Insurance disruptor Lemonade (LMND 3.56%) has gained serious traction in its core businesses of renters, homeowners, and pet insurance. However, its initial rollout of Lemonade Car -- its auto insurance product -- has been rather slow, despite being the highest-potential insurance type offered by the company so far.
Last November, Lemonade announced its agreement to acquire auto insurance technology company Metromile in an all-stock deal in order to jump-start its auto insurance business. Nearly nine months later, the acquisition has been finalized, and Metromile is officially a part of Lemonade. Here's why investors should pay attention and what it could mean for Lemonade over the long term.

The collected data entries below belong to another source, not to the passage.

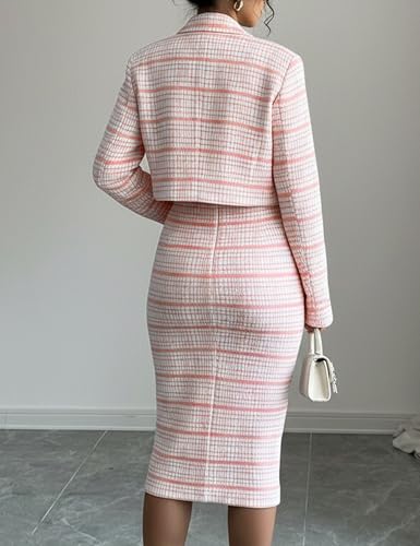 Women Plaid 2 Piece Outfits Cropped Blazer and Sleeveless Midi Dress Sets Business Casual Suits
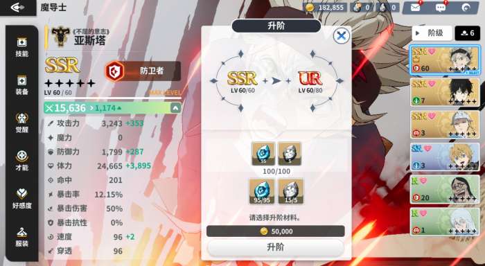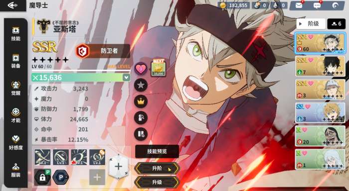 软件提交 专题合集 热门手游《黑色四叶草魔法帝之道》角色升阶方法来了,当等级提升至当前上限后,点击「升阶」按钮,即可进入升阶页面。通过手动点击想要使用的升阶道具进行「手动升阶」,同时可以在左侧的能力值一览中查看提升的数值。
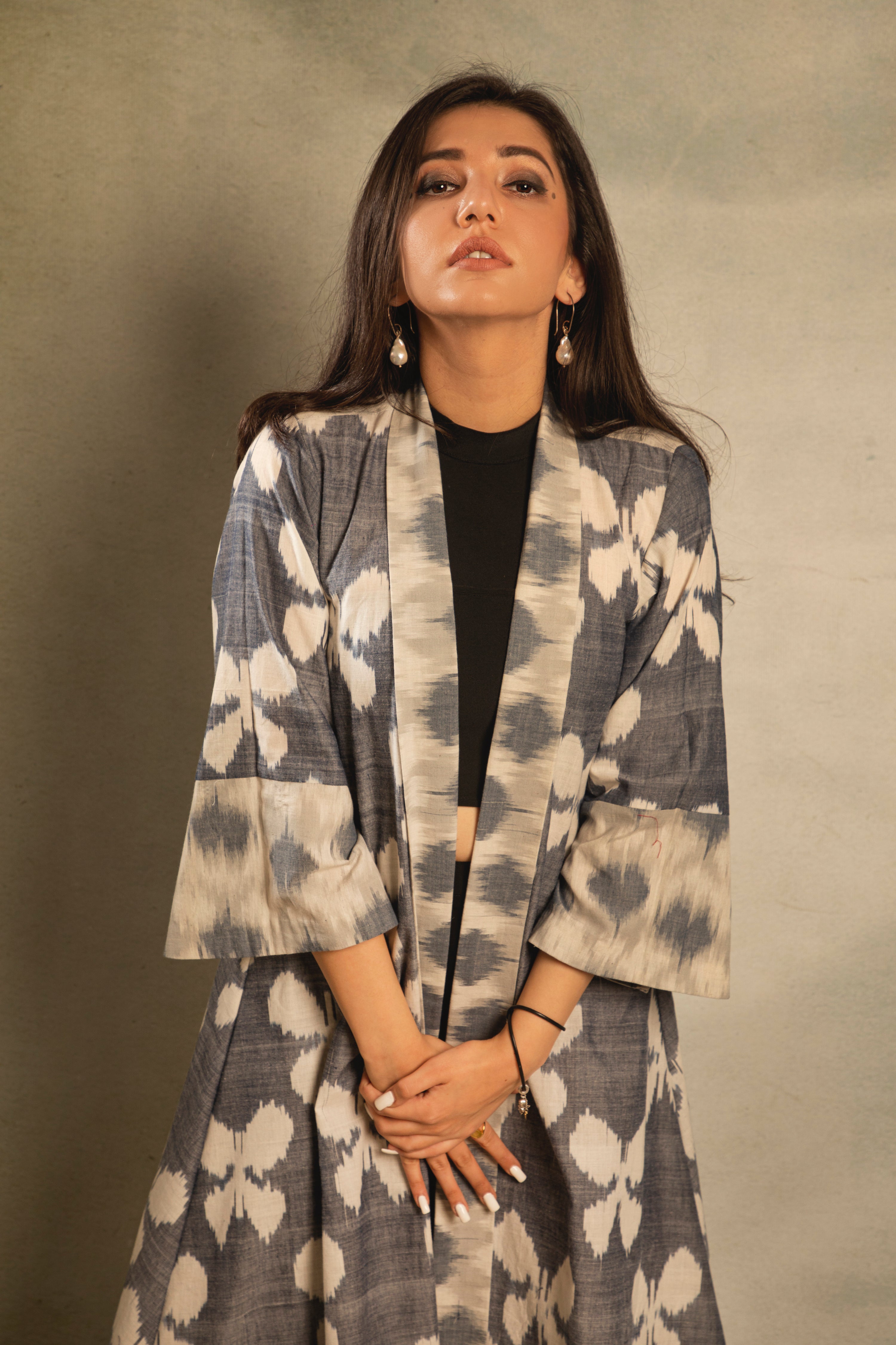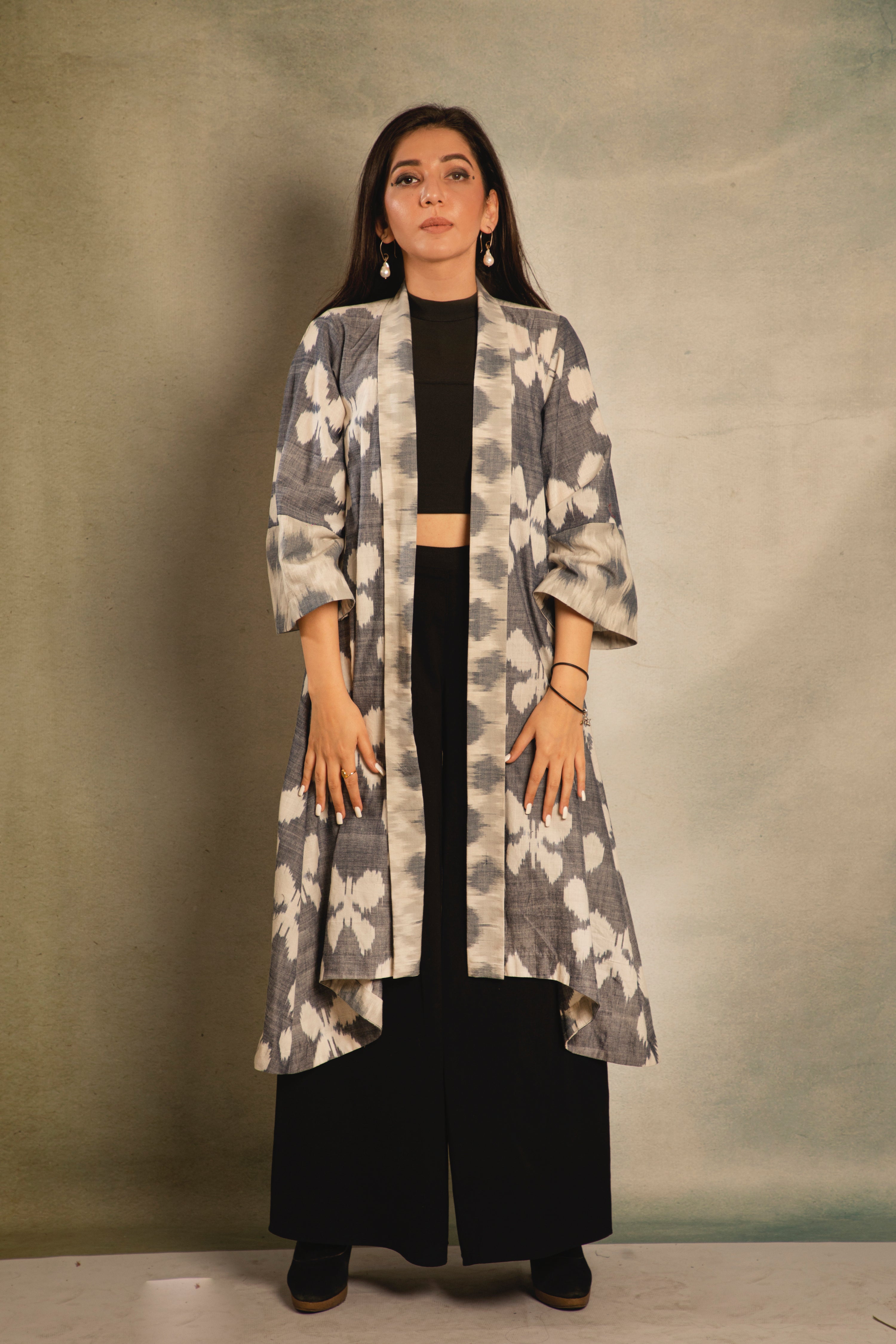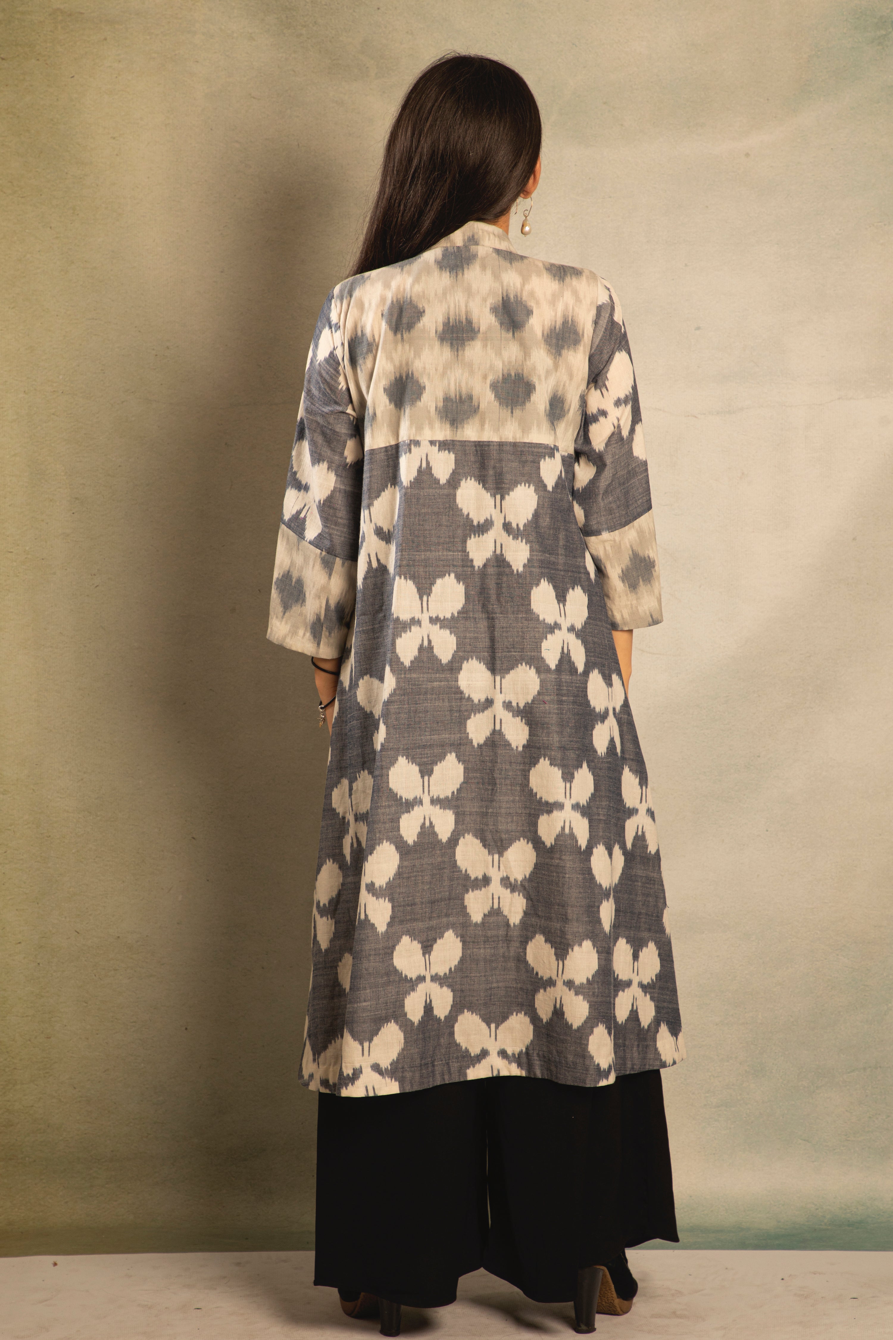 Grey ikat jacket with a butterfly weave

Why it could be such a big deal
The Metromile acquisition adds $110 million in car insurance premiums to Lemonade's business, and also adds $155 million in cash to the company's already cash-rich balance sheet (the company had over $1 billion in cash and investments at the end of the first quarter). Lemonade paid for the acquisition with about $145 million worth of stock, so this already looks like a great deal.
However, there are two other key components that could end up being the most valuable parts of the acquisition:
- Metromile has auto insurance licenses in 49 states. Prior to the acquisition, Lemonade Car was licensed in just three (Illinois, Ohio, and Tennessee).

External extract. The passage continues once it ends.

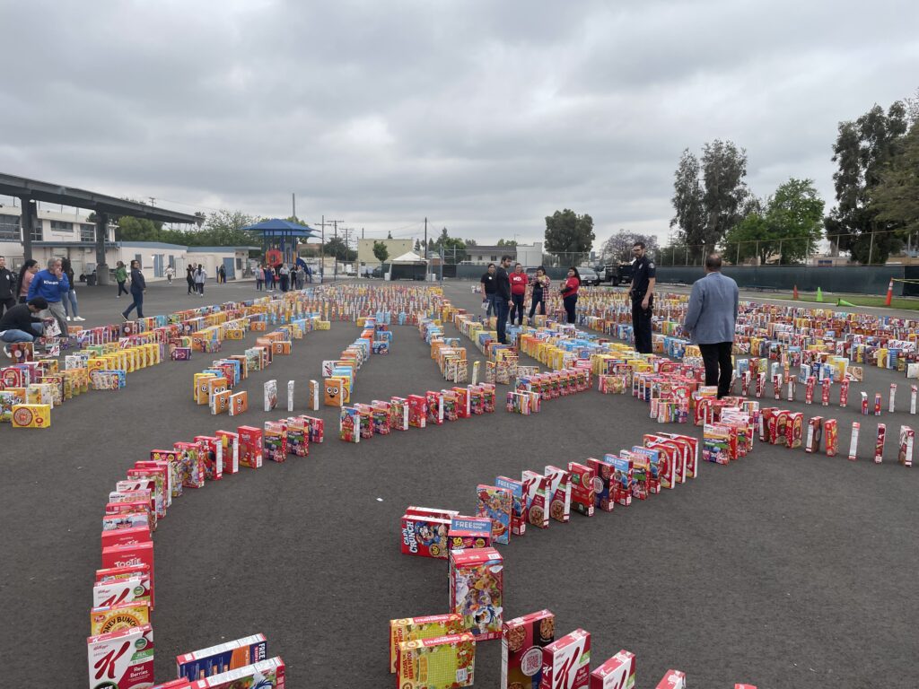 Donated boxes of cereal line the campus of Thomas Jefferson Elementary School in Glendale. Parents, students, police officials, and school staff are ready to take part in the fundraiser that involves the toppling of the cereal boxes in a domino like fashion.
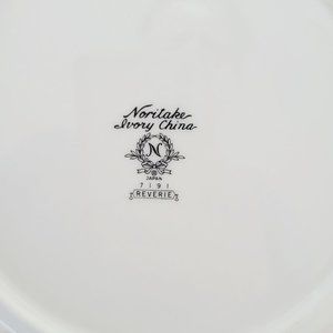 This Noritake Reverie Green Trim Salad Plates features an off-white base with a spring wildflower and butterfly pattern. Ideal for spring or summer dishes, it's made in Japan and measures 8.25".

- Metromile has an unmatched collection of driver data, built over a decade with its sensors monitoring billions of miles of driving. The idea is that this data-driven approach will allow Lemonade to offer the cheapest rates to drivers who deserve them, while still producing a profit.

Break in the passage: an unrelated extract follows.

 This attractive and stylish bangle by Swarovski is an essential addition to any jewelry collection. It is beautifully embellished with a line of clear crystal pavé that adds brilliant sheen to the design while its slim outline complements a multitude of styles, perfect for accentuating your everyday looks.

It's tough to overstate the potential of Lemonade's auto insurance business. About a year ago, the company estimated that its current customers spend about $1 billion on their auto insurance premiums each year, and that was at a time when the customer count was about two-thirds of its current size. For context, even after the $110 million in premiums that came with the Metromile acquisition, Lemonade has about $530 million in in-force premium. In other words, it could triple its scale if its existing customers use Lemonade's auto insurance.
Auto insurance is a more expensive form of insurance than Lemonade's core products today. The average auto insurance premium paid by U.S. drivers is more than 10 times the average rental insurance premium, which is Lemonade's bread-and-butter today. With a total market size of more than $300 billion in the United States alone, it wouldn't take too much of a market share to have a meaningful impact.
Is Lemonade a buy?
To be sure, there are still some big unanswered questions, which is why Lemonade trades for about 90% less than its all-time high. The main issue is that Lemonade is paying out far too much of its premiums to cover losses, and this can't continue if Lemonade is to be a sustainable business. The company's gross loss ratio was 90% of premiums in the first quarter, far above the 75% target. Quite frankly, it doesn't matter if Lemonade gets $5 billion in auto premiums if it can't get underwriting correct.
If the company can scale its auto insurance business, and can do so profitably, the current stock price could end up being a bargain. But that's a big "if" for now, and we should start to get some clarity over the next few quarters as the auto insurance business ramps up.